Apparently, the second party was Achashverosh’s response to the first affair.  For 180 days he had been required to appear before and to impress the notables and nobility of his kingdom.  Furthermore, his objective was to impress upon his guests his authority and grandeur.  In order to accomplish his objective, he was required to conduct himself with dignity and restraint.  He succeeded and he completed the 180-day celebration without mishap.  However, the lengthy, dignified, and restrained affair was an ordeal for Achashverosh.  Therefore, he immediately convened a second celebration.  The second party was designed to correct the defect of the first party and provide Achashverosh with a release that he needed desperately and felt he had earned.  The second party paid no attention to protocol or social convention.  Demonstrations of authority were replaced by abandonment to pleasure.  This was not a feast for royalty and dignitaries.  Achashverosh realized the elite of society would scoff at such an undignified adventure in hedonism.  Instead, Achashverosh chose as his companions the common people – the members of the plebeian class who were his brothers.  For Achashverosh, this second feast was the true party and the reward for his previous ordeal.  However, at this second feast, Achashverosh faltered and thereby, he placed his reign in jeopardy.

On the seventh day, when the heart of the king was merry with wine, he commanded Mehuman, Bizta, Harbona, Bigta, Abagta, Zetar, and Carcas, the seven chamberlains that ministered before the king Ahasuerus to bring Vashti the queen before the king with the crown royal, to show the people and the princes her beauty; for she was fair in appearance.  (Megilat Esther 1:10-11)

5.    Achashverosh’s motives for precipitating a confrontation with Vashti
On the final day of the second feast, Achashverosh precipitated a fateful confrontation with his queen, Vashti.  After 186 days of celebration, Achashverosh became mindlessly drunk.  In his intoxicated state, he commanded that Vashti appear before his guests so that he might display her astounding beauty.  How was Achashverosh able to contain his appetites and remain sober until this point and why did he now permit himself to become intoxicated?  Furthermore, why did his loss of control express itself in his precipitation of a confrontation with his queen?  Even drunk, Achashverosh must have realized that he was inviting a confrontation with Vashti!

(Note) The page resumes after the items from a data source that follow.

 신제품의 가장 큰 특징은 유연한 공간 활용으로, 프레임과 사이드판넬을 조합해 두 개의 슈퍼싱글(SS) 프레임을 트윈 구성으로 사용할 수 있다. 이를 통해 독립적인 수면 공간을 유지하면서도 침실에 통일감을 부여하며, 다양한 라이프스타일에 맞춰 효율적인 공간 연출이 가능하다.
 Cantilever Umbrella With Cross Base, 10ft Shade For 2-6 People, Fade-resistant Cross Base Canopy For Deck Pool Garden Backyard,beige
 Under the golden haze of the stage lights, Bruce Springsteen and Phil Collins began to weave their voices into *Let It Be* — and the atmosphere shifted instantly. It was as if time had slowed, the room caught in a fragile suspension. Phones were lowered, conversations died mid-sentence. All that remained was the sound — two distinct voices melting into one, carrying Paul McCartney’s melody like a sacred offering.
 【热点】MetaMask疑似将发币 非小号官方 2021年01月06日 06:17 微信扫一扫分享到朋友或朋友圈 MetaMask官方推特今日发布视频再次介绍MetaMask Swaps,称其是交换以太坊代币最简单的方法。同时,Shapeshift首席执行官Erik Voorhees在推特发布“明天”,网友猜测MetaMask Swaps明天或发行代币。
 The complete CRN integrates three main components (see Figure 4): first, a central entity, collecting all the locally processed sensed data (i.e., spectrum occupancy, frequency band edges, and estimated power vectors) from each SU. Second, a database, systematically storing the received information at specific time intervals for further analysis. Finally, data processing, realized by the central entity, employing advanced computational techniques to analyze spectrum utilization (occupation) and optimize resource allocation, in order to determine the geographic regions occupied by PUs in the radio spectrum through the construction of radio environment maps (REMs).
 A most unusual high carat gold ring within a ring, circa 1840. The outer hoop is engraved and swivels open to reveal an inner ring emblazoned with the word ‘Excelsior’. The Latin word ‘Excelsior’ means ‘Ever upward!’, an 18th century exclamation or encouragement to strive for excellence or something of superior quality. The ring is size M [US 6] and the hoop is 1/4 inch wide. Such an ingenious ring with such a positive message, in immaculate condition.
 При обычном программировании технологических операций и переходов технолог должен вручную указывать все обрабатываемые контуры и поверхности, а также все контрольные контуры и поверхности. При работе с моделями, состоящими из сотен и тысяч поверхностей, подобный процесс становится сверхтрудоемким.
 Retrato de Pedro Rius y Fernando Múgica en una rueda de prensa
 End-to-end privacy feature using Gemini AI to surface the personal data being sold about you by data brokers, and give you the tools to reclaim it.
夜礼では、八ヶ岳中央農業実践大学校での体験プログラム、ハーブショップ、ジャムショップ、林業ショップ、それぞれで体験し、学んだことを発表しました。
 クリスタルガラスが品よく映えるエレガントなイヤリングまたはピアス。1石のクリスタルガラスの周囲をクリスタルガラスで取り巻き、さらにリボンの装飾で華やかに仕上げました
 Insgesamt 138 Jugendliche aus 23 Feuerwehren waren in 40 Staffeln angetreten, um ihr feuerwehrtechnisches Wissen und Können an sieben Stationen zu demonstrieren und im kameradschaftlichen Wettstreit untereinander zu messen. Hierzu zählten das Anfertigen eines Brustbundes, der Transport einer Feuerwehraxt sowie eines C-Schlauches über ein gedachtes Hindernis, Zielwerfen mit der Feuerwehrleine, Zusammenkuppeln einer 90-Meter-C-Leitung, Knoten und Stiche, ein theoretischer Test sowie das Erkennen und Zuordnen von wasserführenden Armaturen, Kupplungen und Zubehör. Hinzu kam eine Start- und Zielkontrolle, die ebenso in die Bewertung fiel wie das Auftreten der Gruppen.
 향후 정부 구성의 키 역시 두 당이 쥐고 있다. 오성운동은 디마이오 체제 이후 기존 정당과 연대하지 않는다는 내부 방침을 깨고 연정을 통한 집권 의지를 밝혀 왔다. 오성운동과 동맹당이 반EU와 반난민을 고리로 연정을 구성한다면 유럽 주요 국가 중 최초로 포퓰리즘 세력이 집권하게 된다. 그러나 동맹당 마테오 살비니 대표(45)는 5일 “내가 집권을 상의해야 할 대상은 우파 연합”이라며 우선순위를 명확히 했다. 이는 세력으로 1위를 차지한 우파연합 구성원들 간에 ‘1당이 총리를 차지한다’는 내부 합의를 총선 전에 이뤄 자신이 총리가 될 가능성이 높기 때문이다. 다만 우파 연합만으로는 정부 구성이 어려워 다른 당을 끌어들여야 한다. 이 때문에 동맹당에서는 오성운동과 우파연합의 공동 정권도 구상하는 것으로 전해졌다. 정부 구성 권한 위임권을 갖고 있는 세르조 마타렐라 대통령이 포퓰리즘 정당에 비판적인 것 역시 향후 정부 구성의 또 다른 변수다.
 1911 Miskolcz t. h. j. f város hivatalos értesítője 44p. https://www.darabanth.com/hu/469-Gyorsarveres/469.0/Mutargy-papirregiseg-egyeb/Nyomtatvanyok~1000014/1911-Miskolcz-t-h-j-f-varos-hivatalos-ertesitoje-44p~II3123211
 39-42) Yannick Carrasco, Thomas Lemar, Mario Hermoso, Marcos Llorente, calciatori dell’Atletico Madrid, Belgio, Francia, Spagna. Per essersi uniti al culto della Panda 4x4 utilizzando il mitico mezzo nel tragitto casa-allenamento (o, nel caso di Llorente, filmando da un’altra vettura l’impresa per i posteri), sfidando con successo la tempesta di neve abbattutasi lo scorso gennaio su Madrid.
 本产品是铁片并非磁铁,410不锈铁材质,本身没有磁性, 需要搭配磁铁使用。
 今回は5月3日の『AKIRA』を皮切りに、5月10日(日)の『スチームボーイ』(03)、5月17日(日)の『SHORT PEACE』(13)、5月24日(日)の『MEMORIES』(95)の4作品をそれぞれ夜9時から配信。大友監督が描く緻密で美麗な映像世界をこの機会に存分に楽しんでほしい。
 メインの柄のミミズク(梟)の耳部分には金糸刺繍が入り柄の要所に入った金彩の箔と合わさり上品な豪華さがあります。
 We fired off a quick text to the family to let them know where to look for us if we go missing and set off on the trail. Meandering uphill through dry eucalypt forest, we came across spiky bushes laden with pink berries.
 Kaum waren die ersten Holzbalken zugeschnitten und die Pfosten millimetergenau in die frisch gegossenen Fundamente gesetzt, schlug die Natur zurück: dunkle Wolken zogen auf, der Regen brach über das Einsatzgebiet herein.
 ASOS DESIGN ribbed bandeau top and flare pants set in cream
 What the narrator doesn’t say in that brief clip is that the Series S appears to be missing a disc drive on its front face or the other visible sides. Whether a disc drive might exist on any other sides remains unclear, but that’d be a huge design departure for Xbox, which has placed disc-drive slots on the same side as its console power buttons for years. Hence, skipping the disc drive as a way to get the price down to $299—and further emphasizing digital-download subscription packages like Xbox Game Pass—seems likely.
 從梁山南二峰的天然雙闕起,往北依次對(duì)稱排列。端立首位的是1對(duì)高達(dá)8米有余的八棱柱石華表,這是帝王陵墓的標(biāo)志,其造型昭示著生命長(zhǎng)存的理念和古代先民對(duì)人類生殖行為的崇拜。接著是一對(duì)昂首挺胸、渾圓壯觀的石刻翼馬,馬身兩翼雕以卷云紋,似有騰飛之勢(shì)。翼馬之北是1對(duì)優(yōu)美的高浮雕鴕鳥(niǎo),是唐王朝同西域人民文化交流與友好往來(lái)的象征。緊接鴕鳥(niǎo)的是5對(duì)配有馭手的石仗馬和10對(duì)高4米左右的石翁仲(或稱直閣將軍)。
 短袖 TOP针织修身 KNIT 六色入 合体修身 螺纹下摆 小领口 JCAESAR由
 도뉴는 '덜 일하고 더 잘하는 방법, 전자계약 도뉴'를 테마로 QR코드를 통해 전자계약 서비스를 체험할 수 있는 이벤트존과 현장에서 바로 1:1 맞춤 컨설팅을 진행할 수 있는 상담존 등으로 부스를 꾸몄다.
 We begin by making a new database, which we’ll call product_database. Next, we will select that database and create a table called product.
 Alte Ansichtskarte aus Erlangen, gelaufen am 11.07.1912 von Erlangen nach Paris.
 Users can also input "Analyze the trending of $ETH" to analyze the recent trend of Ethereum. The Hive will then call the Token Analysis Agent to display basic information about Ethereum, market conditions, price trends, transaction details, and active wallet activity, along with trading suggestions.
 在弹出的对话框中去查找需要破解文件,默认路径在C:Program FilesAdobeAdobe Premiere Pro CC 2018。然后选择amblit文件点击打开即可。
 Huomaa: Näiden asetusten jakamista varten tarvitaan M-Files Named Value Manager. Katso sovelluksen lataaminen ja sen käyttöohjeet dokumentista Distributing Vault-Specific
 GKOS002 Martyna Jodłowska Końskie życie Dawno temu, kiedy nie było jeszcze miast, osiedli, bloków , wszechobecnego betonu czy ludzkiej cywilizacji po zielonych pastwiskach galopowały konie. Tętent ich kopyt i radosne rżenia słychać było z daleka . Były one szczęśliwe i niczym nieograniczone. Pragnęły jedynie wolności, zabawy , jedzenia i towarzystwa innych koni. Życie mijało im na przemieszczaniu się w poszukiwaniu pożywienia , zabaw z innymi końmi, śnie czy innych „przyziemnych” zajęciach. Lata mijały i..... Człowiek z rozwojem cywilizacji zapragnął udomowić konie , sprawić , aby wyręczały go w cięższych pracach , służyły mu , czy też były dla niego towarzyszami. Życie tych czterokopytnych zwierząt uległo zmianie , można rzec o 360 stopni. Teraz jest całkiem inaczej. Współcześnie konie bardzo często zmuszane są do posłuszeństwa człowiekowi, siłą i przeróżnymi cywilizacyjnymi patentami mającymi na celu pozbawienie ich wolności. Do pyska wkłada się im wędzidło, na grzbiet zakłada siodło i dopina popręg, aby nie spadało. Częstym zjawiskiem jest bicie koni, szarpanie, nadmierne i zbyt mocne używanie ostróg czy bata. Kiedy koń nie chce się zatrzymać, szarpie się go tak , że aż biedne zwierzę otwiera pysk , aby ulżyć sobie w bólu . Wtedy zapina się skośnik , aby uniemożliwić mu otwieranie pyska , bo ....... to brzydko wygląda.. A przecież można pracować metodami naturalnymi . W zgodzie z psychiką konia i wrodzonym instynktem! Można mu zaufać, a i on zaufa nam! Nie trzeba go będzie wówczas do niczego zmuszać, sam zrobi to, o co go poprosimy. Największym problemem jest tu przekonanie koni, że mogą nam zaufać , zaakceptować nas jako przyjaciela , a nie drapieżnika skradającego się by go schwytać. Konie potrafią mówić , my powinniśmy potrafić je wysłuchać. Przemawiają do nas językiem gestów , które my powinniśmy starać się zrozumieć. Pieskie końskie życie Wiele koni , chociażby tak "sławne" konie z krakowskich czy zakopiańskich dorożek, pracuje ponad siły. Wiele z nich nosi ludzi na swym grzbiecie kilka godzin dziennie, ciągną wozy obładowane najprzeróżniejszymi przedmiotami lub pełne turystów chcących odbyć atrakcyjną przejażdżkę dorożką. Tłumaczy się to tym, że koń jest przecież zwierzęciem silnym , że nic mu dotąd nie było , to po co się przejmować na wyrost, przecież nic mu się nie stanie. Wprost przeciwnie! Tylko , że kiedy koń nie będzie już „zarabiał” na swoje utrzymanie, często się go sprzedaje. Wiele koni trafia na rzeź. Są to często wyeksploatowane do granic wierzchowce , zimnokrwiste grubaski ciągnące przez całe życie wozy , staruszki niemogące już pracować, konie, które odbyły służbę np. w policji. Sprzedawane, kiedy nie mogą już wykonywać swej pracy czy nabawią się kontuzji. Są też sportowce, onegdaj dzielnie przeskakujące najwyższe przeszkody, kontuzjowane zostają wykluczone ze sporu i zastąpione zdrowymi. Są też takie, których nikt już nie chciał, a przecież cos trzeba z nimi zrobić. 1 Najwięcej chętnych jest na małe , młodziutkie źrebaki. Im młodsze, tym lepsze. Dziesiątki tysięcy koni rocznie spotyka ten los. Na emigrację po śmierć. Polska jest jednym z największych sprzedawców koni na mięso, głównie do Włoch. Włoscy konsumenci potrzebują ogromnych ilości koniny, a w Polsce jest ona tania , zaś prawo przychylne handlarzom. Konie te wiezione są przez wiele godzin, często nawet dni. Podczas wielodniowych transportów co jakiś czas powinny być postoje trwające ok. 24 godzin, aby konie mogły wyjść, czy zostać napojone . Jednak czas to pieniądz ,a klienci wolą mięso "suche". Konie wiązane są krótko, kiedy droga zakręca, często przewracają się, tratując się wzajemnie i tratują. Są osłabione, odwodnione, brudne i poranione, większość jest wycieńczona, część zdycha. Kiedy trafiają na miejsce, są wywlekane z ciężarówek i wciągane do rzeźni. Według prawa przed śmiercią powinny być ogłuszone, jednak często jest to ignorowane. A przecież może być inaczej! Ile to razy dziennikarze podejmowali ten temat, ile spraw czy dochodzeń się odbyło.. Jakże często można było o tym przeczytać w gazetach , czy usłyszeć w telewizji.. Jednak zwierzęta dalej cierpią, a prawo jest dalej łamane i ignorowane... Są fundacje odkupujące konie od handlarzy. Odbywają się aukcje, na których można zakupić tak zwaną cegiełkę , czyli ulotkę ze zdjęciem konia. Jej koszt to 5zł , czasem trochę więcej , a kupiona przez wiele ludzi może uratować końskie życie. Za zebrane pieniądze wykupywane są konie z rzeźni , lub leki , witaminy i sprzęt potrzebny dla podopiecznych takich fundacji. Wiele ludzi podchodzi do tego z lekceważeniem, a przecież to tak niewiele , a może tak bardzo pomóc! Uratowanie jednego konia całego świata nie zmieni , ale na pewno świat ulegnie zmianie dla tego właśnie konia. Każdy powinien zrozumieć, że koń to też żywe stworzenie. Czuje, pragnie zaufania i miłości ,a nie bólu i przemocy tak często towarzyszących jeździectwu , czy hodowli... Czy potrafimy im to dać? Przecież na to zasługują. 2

Our Sages provide an additional bit of information that is essential to understanding the confrontation that unfolded between Achashverosh and Vashti. They explain that Achashverosh and Vashti came to the throne from very different backgrounds.  In contrast to Achashverosh’s humble origins, Vashti boasted royal lineage.  Achashverosh was a commoner and usurper who seized the throne and took Vashti as his queen.[4] It is very likely that his marriage to Vashti was designed to consolidate and legitimize his position as sovereign.

In this context, Achashverosh’s treatment of Vashti provides another insight into his personality.  His treatment of Vashti expresses a need to demean her and to deprive her of dignity.  This suggests that Achashverosh felt intimidated by Vashti’s royal lineage and somewhat inadequate in comparison to his queen.  In other words, despite his power and authority, Achashverosh remained insecure.  He could not dispel his own sense, that ultimately, he was a commoner who had usurped the throne from the royal family.   Vashti evoked a deep sense of inadequacy.  Under normal circumstances, Achashverosh was in control of his feelings and did not give public expression to his attitude toward Vashti.  Now, in his drunken state, his resentments and his sense of inferiority overpowered his good sense and he engineered a showdown with his royal queen.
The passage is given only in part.